• _INFORMATION SUPPLIED_:
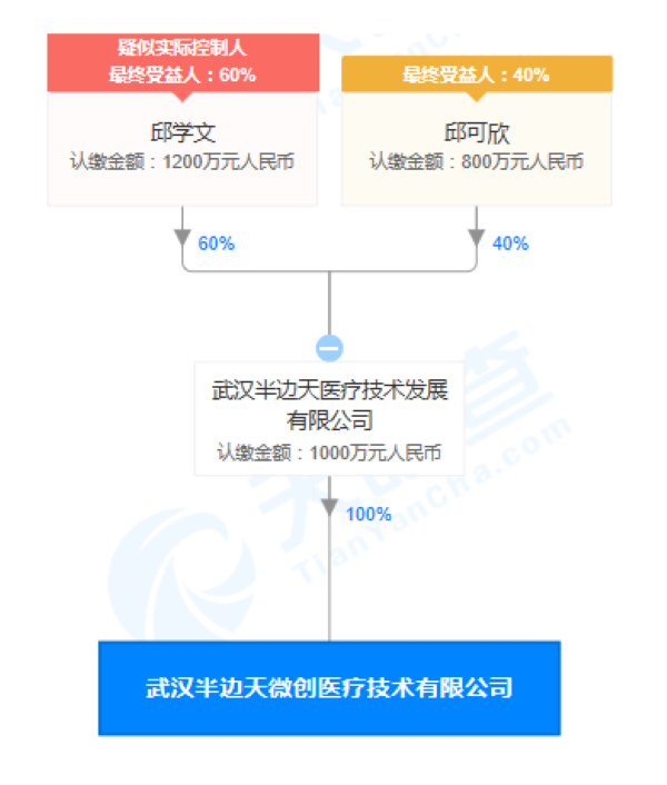 資料顯示,武漢半邊天微創醫療技術有限公司成立于2014年11月,注冊資本為1000萬元,實繳資本僅為50萬元。武漢半邊天醫療技術發展有限公司是其持股100%的控股股東,邱學文是法定代表人、執行董事兼總經理。
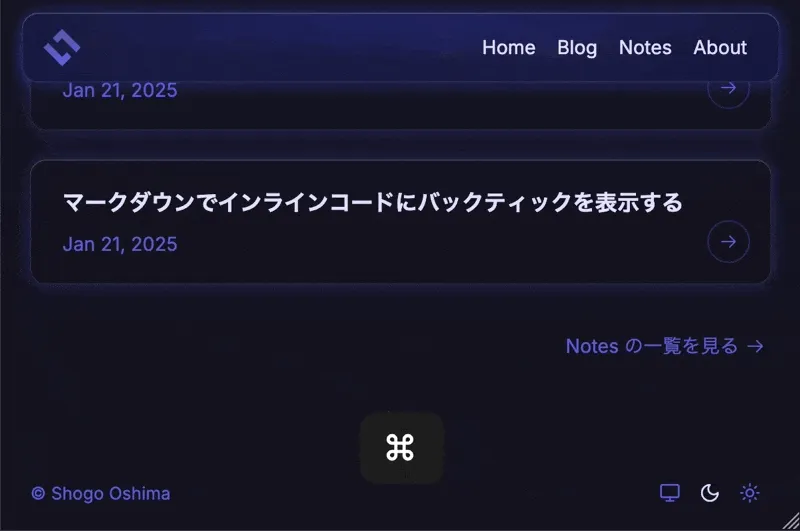 最近のいい感じのウェブアプリケーションやドキュメントでは、よく ⌘K で検索したり、コマンドを実行できたりしますよね。
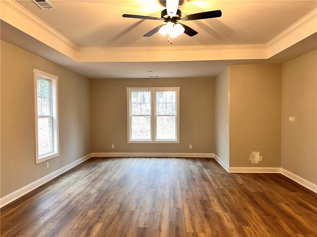 Description: Beautiful new construction located just around the corner from Lake Harding! Situated on 1.7 acres and surrounded by lots of trees and beautifully maintained properties. Classic board and batten exterior with a large backyard and a great covered back porch with a corner fireplace. Inside, an open living floor plan and modern finishes throughout including luxury vinyl plank flooring, quartz countertops and matte black lighting & plumbing fixtures. The spacious great room is open to the kitchen which has a separate breakfast room, island, stainless steel appliances and pantry. Formal dining room with custom wainscoting and chandelier. Extended owner's suite with sitting area and the builder's most popular master bathroom featuring a large garden tub adjacent to a double tile shower and separate closets! One-level living in an all-electric home. Easy access to public boat ramps & marinas. Great opportunity to own this beautiful new home just in time for lake season! Plans & specs subject to change at builder's discretion without notice.
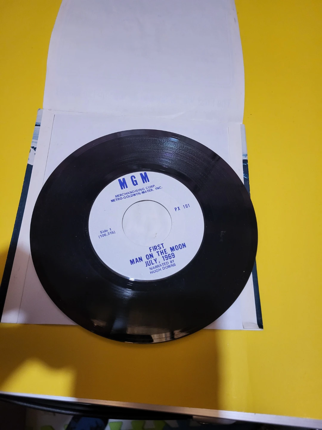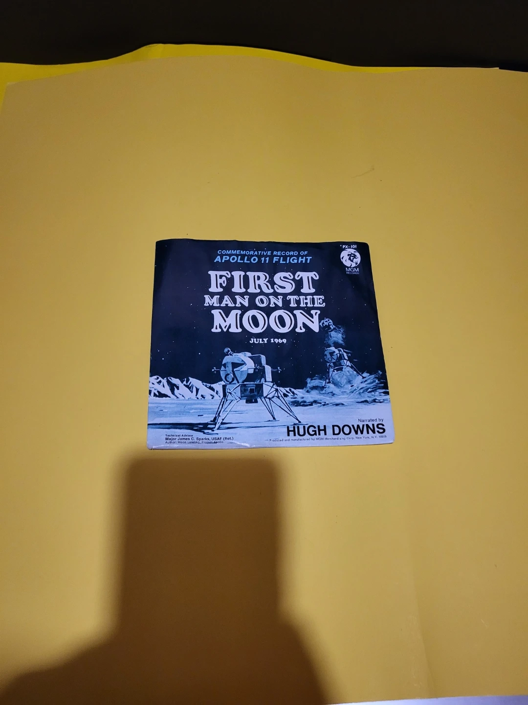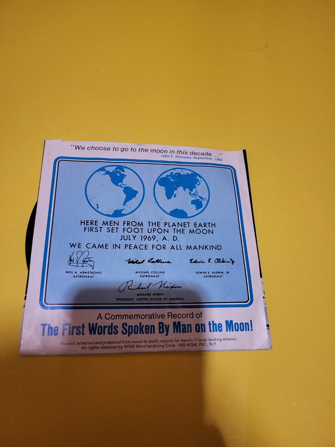 This is a commemorative record of the Apollo 11 lunar landing in July 1969. It includes "The First Words Spoken By Man on the Moon" and is narrated by Hugh Downs. Record selected and prepared by MGM Merchandising Corp.

• _WORK REQUEST_: Your copy should hold exactly the lines from the one that contains "Description: Beautiful new" through the final line of the data, both ends included, and no pictures.

• _WRITTEN SOLUTION_:
 Description: Beautiful new construction located just around the corner from Lake Harding! Situated on 1.7 acres and surrounded by lots of trees and beautifully maintained properties. Classic board and batten exterior with a large backyard and a great covered back porch with a corner fireplace. Inside, an open living floor plan and modern finishes throughout including luxury vinyl plank flooring, quartz countertops and matte black lighting & plumbing fixtures. The spacious great room is open to the kitchen which has a separate breakfast room, island, stainless steel appliances and pantry. Formal dining room with custom wainscoting and chandelier. Extended owner's suite with sitting area and the builder's most popular master bathroom featuring a large garden tub adjacent to a double tile shower and separate closets! One-level living in an all-electric home. Easy access to public boat ramps & marinas. Great opportunity to own this beautiful new home just in time for lake season! Plans & specs subject to change at builder's discretion without notice.
 This is a commemorative record of the Apollo 11 lunar landing in July 1969. It includes "The First Words Spoken By Man on the Moon" and is narrated by Hugh Downs. Record selected and prepared by MGM Merchandising Corp.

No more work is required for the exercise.